Malária: com medicamento inovador, Brasil registra menor número de casos em quase 50 anos
Mais de 33 mil pessoas já foram tratadas com tafenoquina, ofertado no SUS a partir de 2024 para prevenir novas manifestações da malária
Em 2025, o Brasil
registrou redução de 30% nas mortes por malária e de 30,7% nos casos da forma
mais grave da doença. As mortes passaram de 56, em 2024, para 39. No mesmo
período, foram registrados 118.037 casos de malária contraídos no território
nacional, 15% menos que em 2024 e o menor número desde 1978. Os dados refletem
o início da oferta da tafenoquina no SUS, medicamento em dose única usado a
partir de 2024 para prevenir novas manifestações da malária, além da ampliação
do diagnóstico, da oferta de testes e do tratamento adequado.

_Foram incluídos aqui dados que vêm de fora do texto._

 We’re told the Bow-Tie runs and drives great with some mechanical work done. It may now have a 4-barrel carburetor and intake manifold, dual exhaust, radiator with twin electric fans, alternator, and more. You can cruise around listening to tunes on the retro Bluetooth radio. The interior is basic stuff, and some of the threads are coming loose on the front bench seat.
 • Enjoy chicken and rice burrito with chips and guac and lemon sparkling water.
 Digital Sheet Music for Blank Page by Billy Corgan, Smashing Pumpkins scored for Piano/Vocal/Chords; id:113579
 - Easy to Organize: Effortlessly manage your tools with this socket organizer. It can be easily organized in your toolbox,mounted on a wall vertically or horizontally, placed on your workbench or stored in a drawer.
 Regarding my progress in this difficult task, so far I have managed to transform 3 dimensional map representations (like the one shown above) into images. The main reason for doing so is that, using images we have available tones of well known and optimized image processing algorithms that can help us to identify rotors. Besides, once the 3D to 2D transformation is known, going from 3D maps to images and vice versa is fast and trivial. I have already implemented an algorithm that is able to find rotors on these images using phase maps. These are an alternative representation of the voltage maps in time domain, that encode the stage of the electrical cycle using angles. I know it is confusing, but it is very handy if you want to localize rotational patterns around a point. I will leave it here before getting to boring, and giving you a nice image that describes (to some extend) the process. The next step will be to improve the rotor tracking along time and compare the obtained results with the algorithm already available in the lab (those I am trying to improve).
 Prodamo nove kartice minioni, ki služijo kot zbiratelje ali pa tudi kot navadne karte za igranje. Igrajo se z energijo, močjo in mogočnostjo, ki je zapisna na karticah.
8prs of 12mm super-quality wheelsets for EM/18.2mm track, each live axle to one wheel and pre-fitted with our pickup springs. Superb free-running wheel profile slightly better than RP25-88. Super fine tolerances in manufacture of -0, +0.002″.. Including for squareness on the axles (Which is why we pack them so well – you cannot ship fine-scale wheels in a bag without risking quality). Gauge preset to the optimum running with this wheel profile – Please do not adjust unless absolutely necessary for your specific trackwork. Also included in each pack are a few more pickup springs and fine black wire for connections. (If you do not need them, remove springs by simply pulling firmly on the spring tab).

Os resultados foram apresentados nesta segunda-feira (17), pelo ministro da Saúde, Alexandre Padilha, em Brasília, no 61º Congresso da Sociedade Brasileira de Medicina Tropical (MedTrop), que reúne profissionais e pesquisadores para discutir doenças tropicais, entre elas a malária. Durante a programação, o ministro abordou as metas do Brasil Saudável, que prevê eliminar ou reduzir, como problema de saúde pública doenças e infecções de transmissão vertical até 2030, incluindo a malária.

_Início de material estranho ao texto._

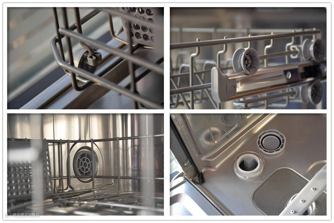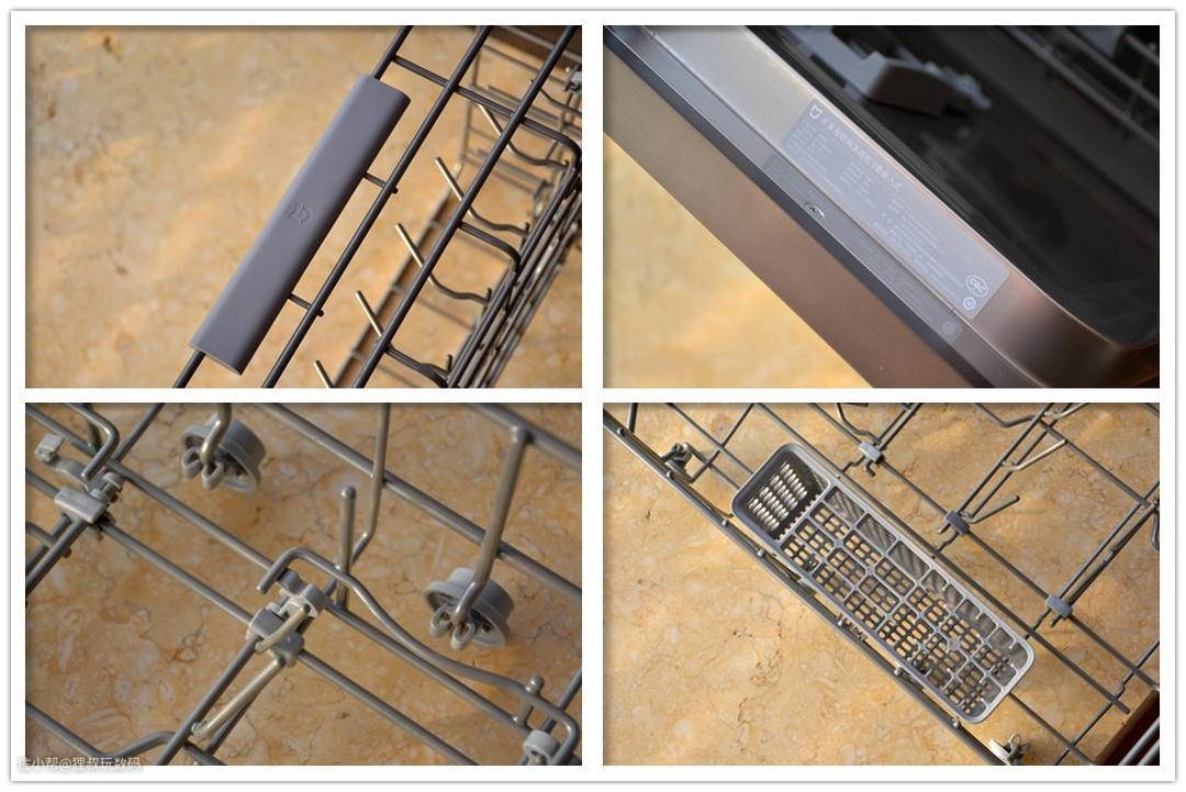 这是洗碗机内部细节做工,我们还是先来说说配置吧,米家一贯是顶配低价,让每个人都能享受到科技带来的乐趣,所以这款互联网洗碗机依然是配置高端价格实惠。首先它集洗、消、烘、存于一体,支持小爱同学语音控制,即便是在占用双手的同时还可以通过语音控制让洗碗机工作;然后配置了高端机才有的顶喷结构,重新设计了6D3层螺旋水路系统,并在28个出水孔中设计了13种出水角度,形成相互交错的360°网状水路,全方位覆盖所有碗碟,达到更彻底的清洁效果;接着容量足够大,上下双层能够放入64件餐具,让全家人的餐具轻松收容。而且洗碗机内胆六面全部采用不锈钢,连门上都是一整块不锈钢,耐腐蚀、耐高温,食品级材质用着才更放心;最后细节做工也非常值得表扬,就拿上下碗篮来说每根线条上面都有软胶包裹,在减少磕碰损坏的同时更能有效避免生锈等现象发生。
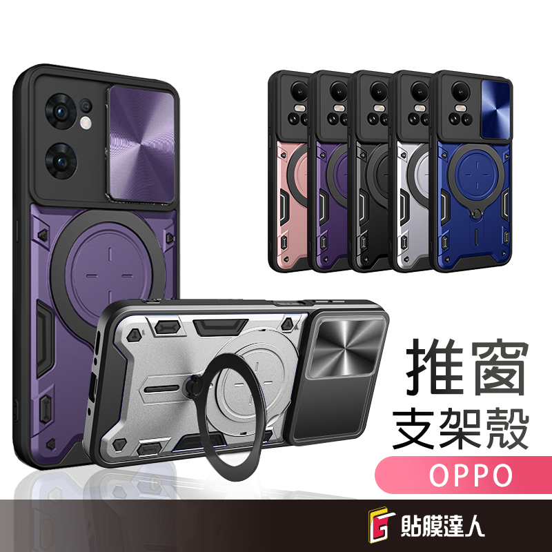 OPPO 指環推窗保護殼 360度旋轉磁吸防摔殼 適用 Reno 14 13F 13 Pro 12 11F A5 A3x
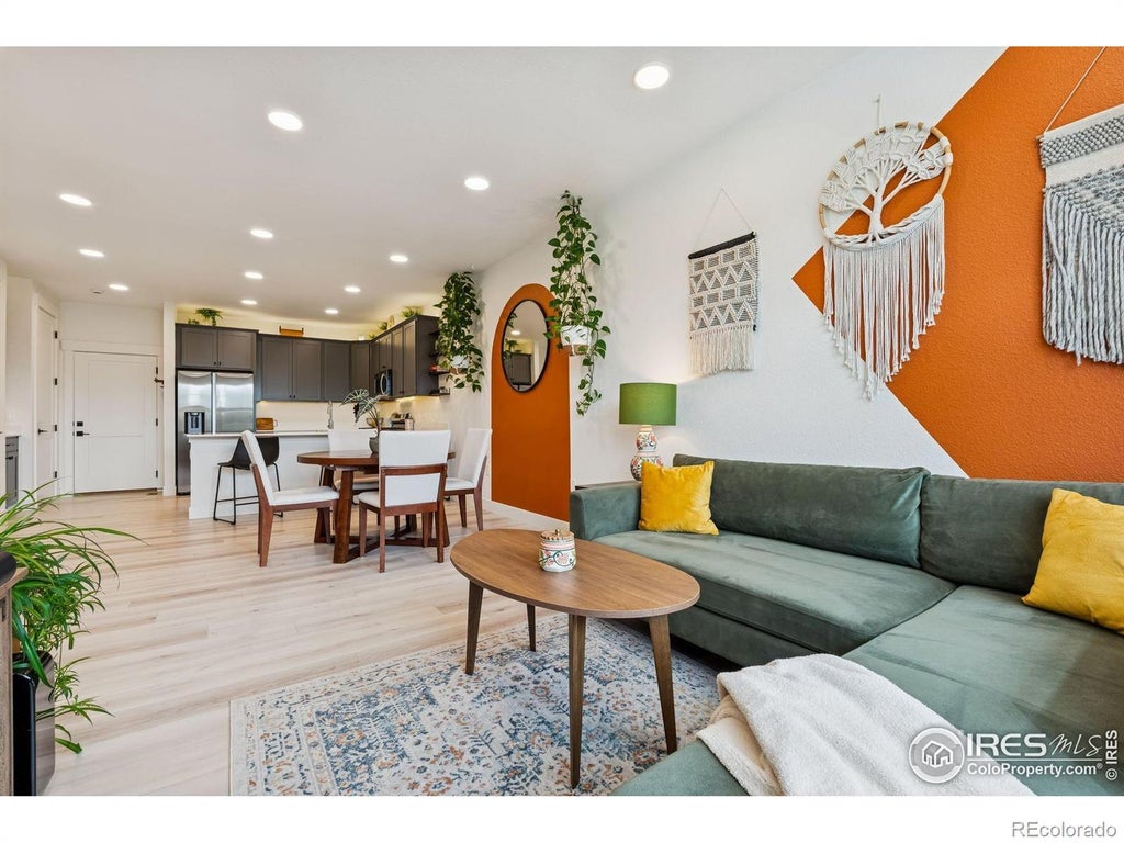 A quiet elegance defines life at 1922 Naturita Street-a thoughtfully appointed home nestled in a community designed for connection and ease. Located just minutes from both downtown Loveland and Fort Collins, this residence offers the perfect balance between natural beauty and urban access. Set against a backdrop of foothill views and adjacent greenspace, the home's modern fa ade opens into a bright, open-concept interior curated with style and intention. Boho-inspired design elements are elevated by high-end finishes, including soft-close cabinetry, a full suite of included appliances, and smart home integrations that simplify daily living. The heart of the home-a sun-drenched living space-flows effortlessly from kitchen to dining to lounge, making it ideal for relaxed evenings or casual gatherings. Three well-proportioned bedrooms and two-and-a-half baths offer space for both rest and retreat, while a full, unfinished basement provides room to grow. A fenced front yard brings in a sense of privacy without sacrificing community, and the oversized two-car garage ensures comfort in every season. Residents enjoy a low-maintenance lifestyle thanks to HOA-managed exterior care, plus access to a community dog park-perfect for four-legged companions. With a tankless water heater, newer construction quality, and effortless access to outdoor and cultural amenities, 1922 Naturita is a rare opportunity to live with both intention and ease.

Entre os principais avanços nos tratamentos disponíveis no SUS está a tafenoquina, incorporada em 2023 para pacientes adultos com 16 anos ou mais e peso de 35 quilos ou mais e cuja oferta começou em 2024. Administrado em dose única, o medicamento tem ação prolongada e ajuda a evitar que a doença volte a se manifestar. O medicamento foi utilizado por mais de 33,7 mil pessoas até junho de 2026. Desse total, 3.920 tratamentos foram registrados em Distritos Sanitários Especiais Indígenas (DSEIs).